5. Which is stronger: a hydrogen bond or a Van der Waals force? Explain why.
A hydrogen bond is significantly stronger than a typical Van der Waals force. A hydrogen bond is a special, stronger type of dipole-dipole interaction that occurs when hydrogen is bonded to a highly electronegative atom like nitrogen, oxygen, or fluorine. This creates a very strong, permanent dipole. In contrast, the most common type of Van der Waals force, the London dispersion force, arises from weak, temporary dipoles. The permanent and stronger nature of the dipole in hydrogen bonding results in a much stronger attraction.
6. How do London dispersion forces arise even in completely non-polar atoms like Helium (He)?
Even in a non-polar atom like Helium, the electrons are in constant, random motion. At any given instant, the electron distribution can be uneven, creating a temporary, instantaneous dipole where one side of the atom is slightly negative and the other is slightly positive. This fleeting dipole can then induce a dipole in a neighbouring Helium atom, leading to a weak, short-lived electrostatic attraction. These attractions, occurring constantly between atoms, are the London dispersion forces.
7. Can you provide a real-world example where Van der Waals forces are clearly observable?

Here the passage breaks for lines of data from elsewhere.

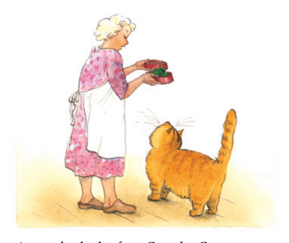
Aunty looked after Greedy Cat. "Cat! You are too fat!" said Aunty. "Here is your lunch." She gave him cat biscuits and some broccoli.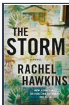
THRILLER READ New novel release SEE PAGE 6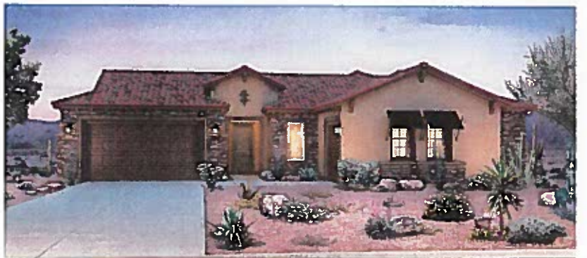
Elevation "C" Tuscan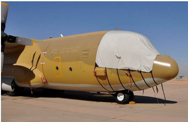
C-130 Cockpit Cover (Windshield/Flight Deck)

This cover type is made from Silver Acrylic Sunbrella canvas and is 100% lined with a soft and smooth microfiber. Bruce's Custom Covers developed this material combination especially for aircraft protection. The outer material is medium weight and treated for water resistance, UV resistance and anti-static buildup. The inner lining is a very soft and smooth microfiber to prevent scratching. The material is very reflective, and tests show that the cabin interior temperature can be reduced to near-ambient temperature on the hottest of days. It is water, ice and snow repellent, yet breathable to allow moisture to escape from between the cover and the aircraft surface.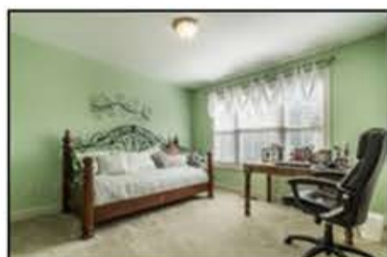
Bedroom 9'3" x 10'1" Carpet, white wood trim, painted walls, triple window with blinds, ceiling light fixture, double closet.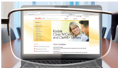
Regular Lens KODAK Clean'N'Clear Lens

KODAK Clean'N'Clear Lenses provide eyecare professionals with a recognizable customer brand known for trust, respect and loyalty to offer patients.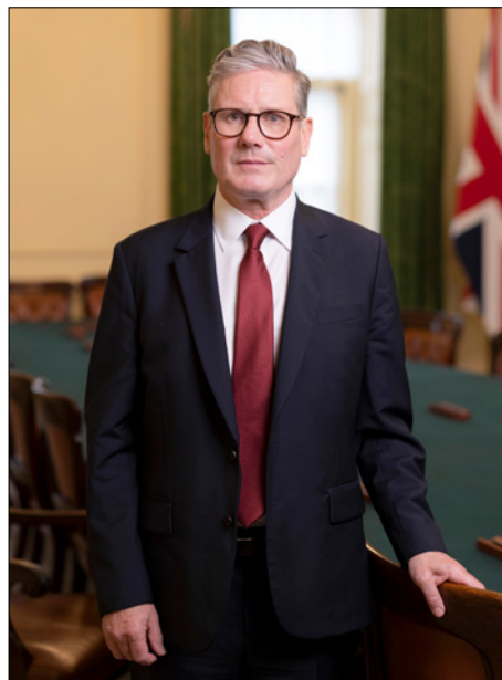
► Prime Minister Sir Keir Starmer Official

While not a feature of the Labour Party manifesto, the Public Access Beneficial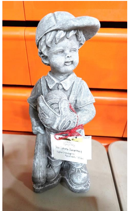
Our deepest sympathy. Menno Midgets Baseball Team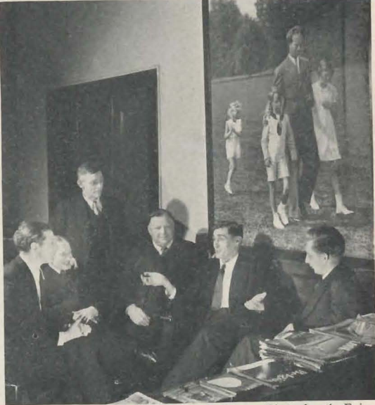
A group of Belgian seamen spin yarns in front of a photograph of their beloved King to whom they are

M. Gutt, speaking in Flemish, then in French, and finally in English, paid tribute to the courage displayed by Belgium's merchant seamen and their officers who sail their ships into the war zones, carrying important cargoes for England, under the supervision of the British Ministry of Shipping. These men cannot return to their homes in Belgium because of the Nazi occupation, and the club rooms will provide pleasant surroundings reminiscent of their homeland before the war. The Belgians asked for space in the thirteen-story Institute, which is the largest shore home in the world for merchant seamen of all nationalities. The Belgian seamen thus have access to the extensive facilities such as 1,600 dormitory beds and private rooms, commissary, baggage room, barber and tailor shops, laundry, seamen's funds bureau, social service bureau, writing room, clinics, merchant marine school, library, U. S. Post Office, chapel and many other activities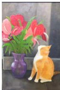
"Nose to Nose" oil by Norma Watt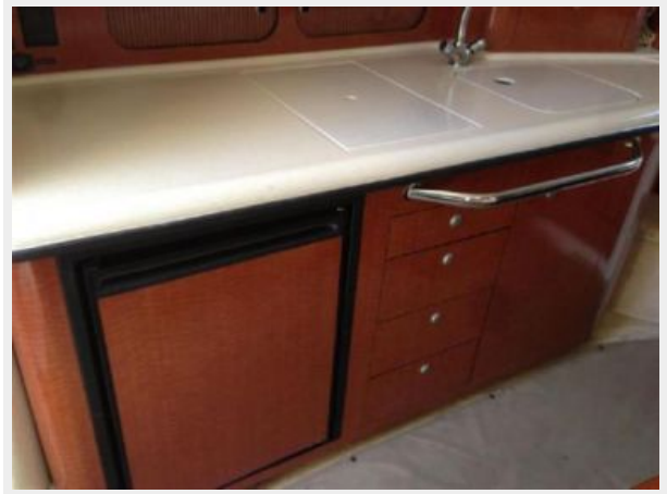
Galley - Facing toward port

A classic real-world example is the ability of a gecko to climb smooth surfaces like glass. A gecko's feet are covered in millions of microscopic hairs called setae, which are further split into even smaller tips called spatulae. This structure massively increases the surface area in contact with the wall. The cumulative effect of the weak Van der Waals forces between the spatulae and the surface molecules is strong enough to support the gecko's entire body weight.